Несколько мгновений Нойердорф смотрел ему в глаза неотрывно сквозь злой прищур, и помимо раздражения, было в этих глазах что-то еще, что-то не то… Испуг?.. Растерянность?..
— Прошу извинить, — наконец, выговорил обер-инквизитор, чуть сбавив тон. — Но поймите и вы меня, Гессе.
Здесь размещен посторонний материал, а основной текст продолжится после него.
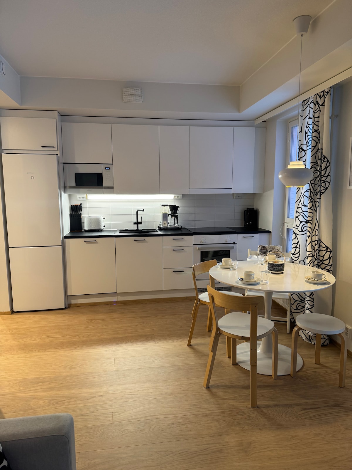 Et fantastisk studio med en utmerket beliggenhet! Det lyse og romslige studioet ligger rett ved siden av Ainola-parken. En kort spasertur til sentrum. Leiligheten har utstyr av høy kvalitet: f.eks. induksjonskomfyr, integrert oppvaskmaskin, integrert stekeovn, tørketrommel. Leiligheten har stilig interiør og vakre servise. Det er 160 cm dobbeltseng og en tredje seng som en luftmadrass. En stor glasert balkong med sitteplasser. 43" smart TV (f.eks. Netflix), høyhastighets internett (200/200).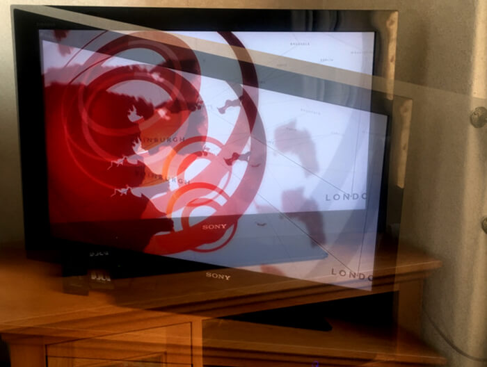 Figure 1: Photoshoped image illustrating how a patient with 4th nerve palsy sees his television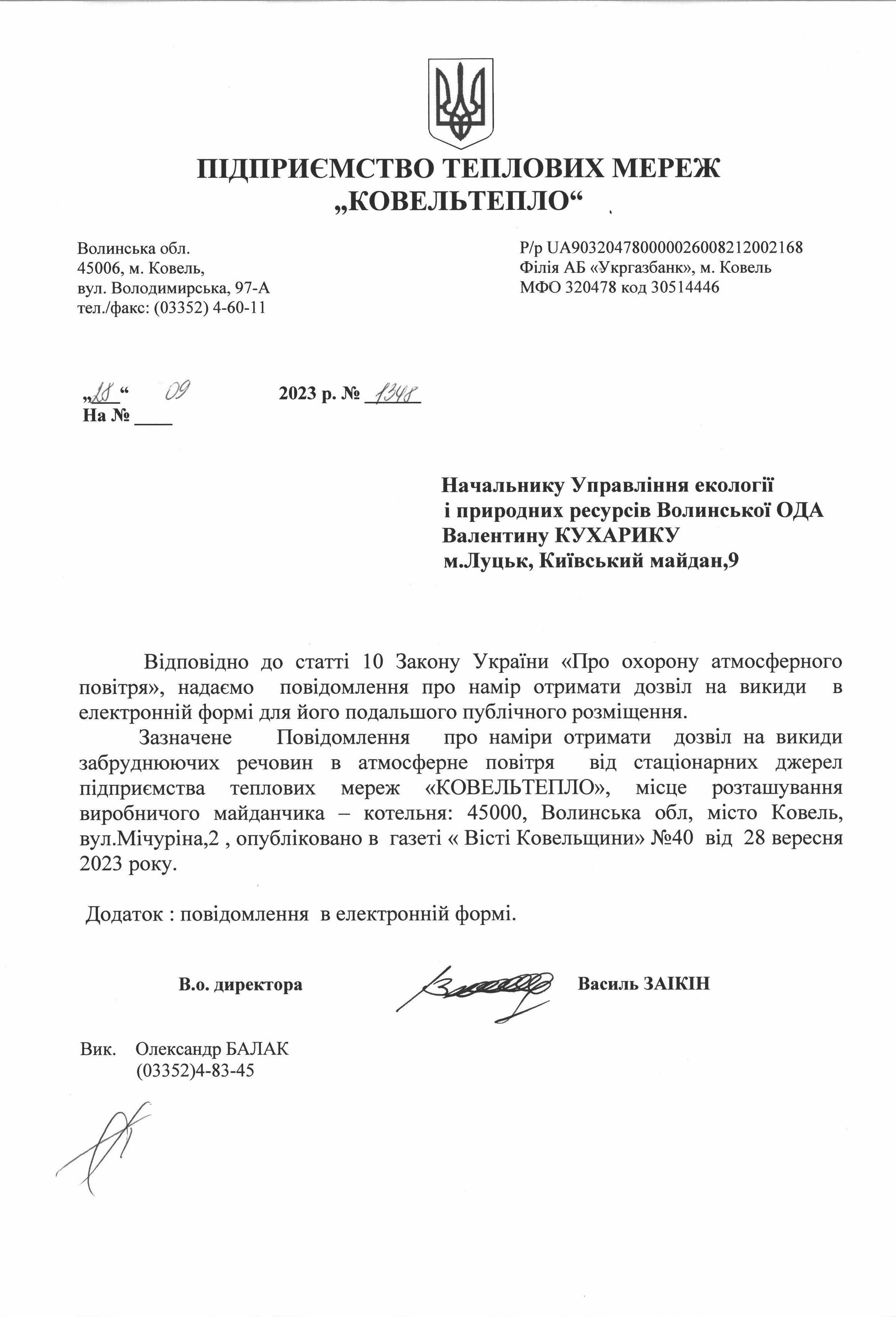 28 вересня 2023, 10:59 останні оновлення: 28 лютого 2025 Повідомлення про намір отримати дозвіл на викиди Підприємство теплових мереж "Ковельтепло" лист оголошення

В нашем городе убивают служителя, который de facto прибыл, дабы уличить меня в измене либо халатности, после чего являетесь вы…
— Я уже говорил, что направлен сюда исключительно ради выяснения обстоятельств исчезновения Георга Штаудта, — отозвался Курт, тоже смягчив голос — нарочито и демонстративно, дабы дать понять, что едва не вспыхнувший конфликт отринут, но не исчерпан. — И передо мною не стоит цели во что бы то ни стало ущучить вас singulatim[37] или здешних служителей in universum[38].
— С вами прибыл expertus, — мрачно произнес Нойердорф, выразительно посмотрев на молчаливую ведьму напротив себя. — Коего вы моему подчиненному представили как лекаря.
— Она и есть лекарь, — кивнул Курт. — Чья первоочередная задача — печься о моем здравии. Я надеюсь, вы не станете допытываться от меня, в чем именно это самое здравие претерпевает расстройство?
— Нет, — натянуто и холодно улыбнулся обер-инквизитор. — Думаю, этот вопрос уж точно не является моим делом, Гессе.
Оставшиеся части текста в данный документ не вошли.